“为华容君着想?他刚刚拒绝了凤族的婚事,你就急着拉自己母家的姻亲,你是怕天族将凤族得罪的还不够吗?
自从尤朔继承鲛人族的王,就没一日让本君省心。如今竟打起了天族太子妃的主意!你是想让你的哥哥把整个天宫也吞并了不成!”
天君震怒,在场气氛压抑极了。
“妾身不是那个意思,哥哥这些年的行径毓秀从不过问,与他偶有通信也仅仅只是家书而已,天君明鉴!
我只是可怜珠儿那孩子对华儿相思成疾,她不吃不喝半月逼着哥哥带她来见华儿一面,女儿家的心思尽数花在一个人的身上,让妾身不由得想起了当年的自己…”
毓秀说着说着开始流起了眼泪,一串串晶莹之物滚落,变成一颗颗皎洁的珍珠。
看得青鸾膛目。原来鲛人公主伤情时的眼泪真的可以变成珍珠,这样动情的女子在男人心中总是会多一分怜爱。
果然天君面色缓和,怒气渐消,开始念起了天妃的旧情,青鸾声音抬高了几倍,急切道:“神君流了这么多血!难怪来时路上见到的相思树都树叶开始泛黄,相思树与神君气脉相连,如今这身体可还能吃得消?”
面前的正缘君面色如纸,十分虚弱。
“小神原本只因断发疏职而自请下界,天妃此举可是想借小神下界直接断了小神仙根?让小神再也不能返回天宫,来找你算这笔账!”
天君的眉宇紧紧裹在一起,正缘神君虽自称臣下,却是天宫里为数不多的上古神之一,更是出自父神门下,平日里备受诸神敬仰。
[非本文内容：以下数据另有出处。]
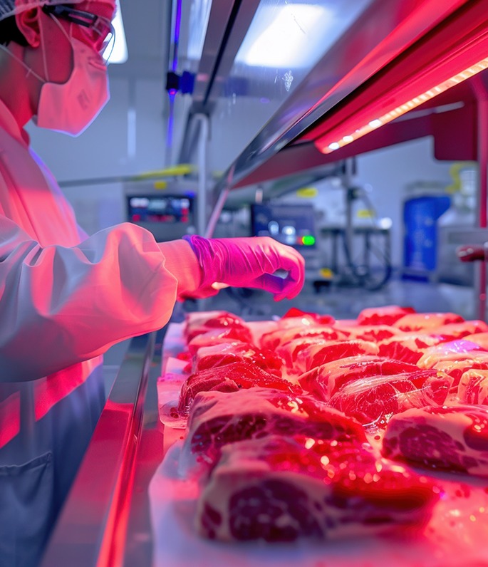 Também investimos em tecnologia de embalagem a vácuo. Nesse processo, o ar do invólucro é removido, criando um ambiente selado que preserva e aumenta a durabilidade do produto. Tudo realizado em um ambiente seguro e climatizado, de acordo com as normas do Sistema de Inspeção Federal (SIF).
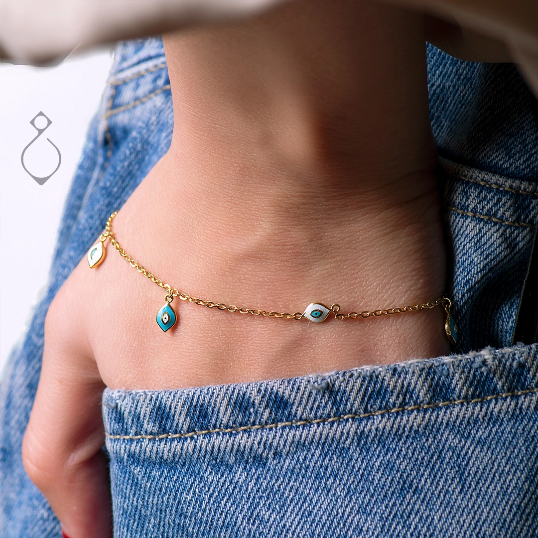 دستبند ظریف طلا طرح چشم نظر کد 114
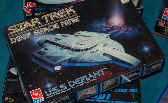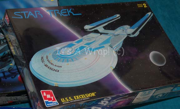 Description: A large lot of opened name brand plastic model boxes and their components acquired for use by the Star Trek art department. The lots are composed of boxes listing the items as “USS Excelsior”, “USS Defiant”, “USS Voyager”, “USS Danube”, an “Apollo” series “Saturn V Rocket”, and an “M2A2 Infantry Fighting Vehicle”. The models are not guaranteed to have all their corresponding pieces, some of the pieces have been punched out and painted, several of the boxes have been labeled or written on by Star Trek production personnel, much of the material in the boxes have been moved from one box to another. All of these boxes were located in the same, larger box. An unopened “USS Excelsior” model kit by ‘AMT Ertel’ is included in the lot.
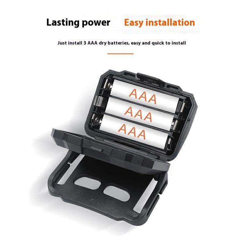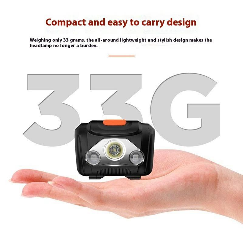 Med dimensioner på 60 × 45 × 32 mm er pandelampen lille, let og nem at bære. Den sidder behageligt på hovedet uden at genere, hvilket gør den velegnet til lang tids brug under udendørs aktiviteter.
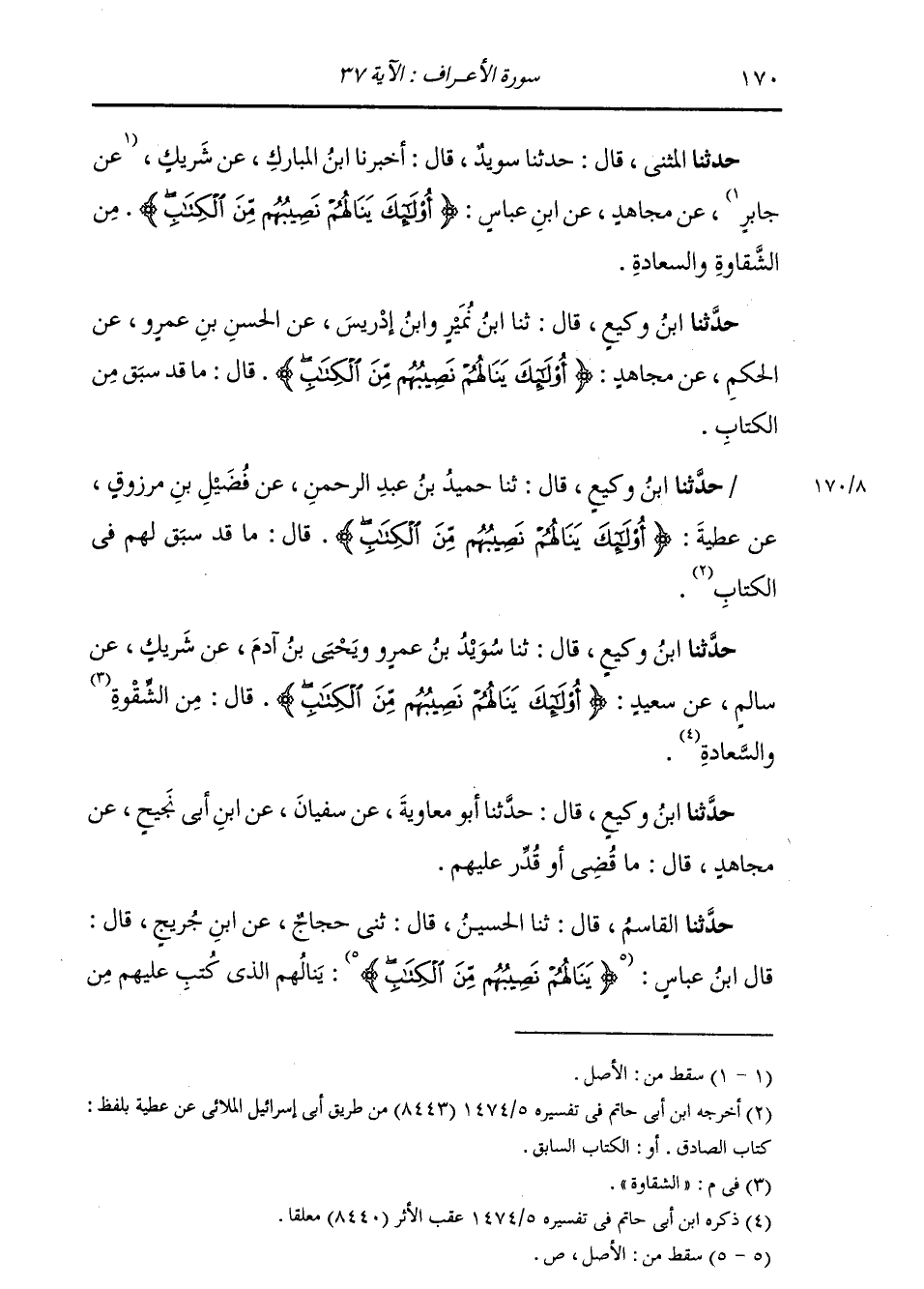 قَالَ: ثنا سُوَيْدُ بْنُ عَمْرٍو وَيَحْيَى بْنُ آدَمَ، عَنْ شَرِيكٍ، عَنْ سَالِمٍ، عَنْ سَعِيدٍ: {§أُولَئِكَ يَنَالُهُمْ نَصِيبُهُمْ} [الأعراف: 37] ، قَالَ: «مِنَ الشَّقَاوَةِ وَالسَّعَادَةِ»
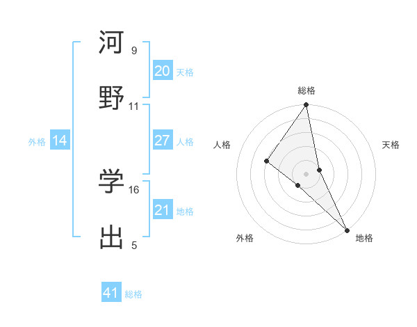 河野 学出さんの総格は41画の5点!
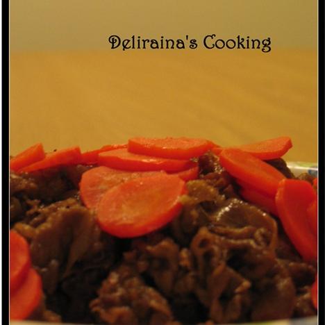肥牛肉片:1kg,洋葱:1个;胡萝卜:2根,盐:2.5茶匙(12.5g);糖:3汤匙(45g),酱油:2汤匙(30ml);红酒:2汤匙(30ml)
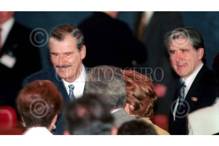 El presidente Vicente Fox, encabezo la la Clausura de la XV Asamblea General de Asociados de la Fundación Mexicana para la Salud, lo acompaña Julio Frenk, secretario de Salud. FOTO:Oswaldo Ramírez/CUARTOSCURO.COM
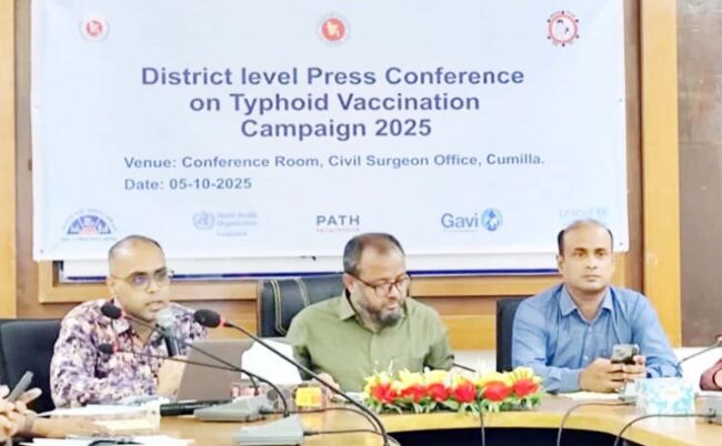 কুমিল্লায় ১২ লাখ ৬৮ হাজার শিশু-কিশোরকে টাইফয়েড টিকা প্রদান সংক্রান্তে সিভিল সার্জনের সাংবাদিক সম্মেলন

天妃让他受了如此的委屈,这件事如何能善结?
“毓秀,你可知错?”天君对天妃斥问。
“妾身确有冒犯正缘君,可臣妾并不是像正缘君说的那样歹毒之心。臣妾先前屡次到相思殿求取结缘丝遭拒,不得已才出此下策。臣妾宫中和相思殿的人都有所见。
臣妾以为正缘神君乃是上古神之躯,流些血不会有什么大碍,试问哪位上古神不是久经杀场流过鲜血的呢?况且,臣妾得知那可以用在神仙身上的结缘丝也正是用正缘君的血炼制而成。也因此才会出此下策,妾身真的没有存过要害神君的意思!望神君念在往日情分原谅毓秀的失举。”
“天妃的话真是可笑,为了几根结缘丝便可对天神动手,趁其不备将其绑了放血。若是这样仍称不上歹毒,而仅仅只说成是失举,日后天宫之中可还会有人遵守法度?”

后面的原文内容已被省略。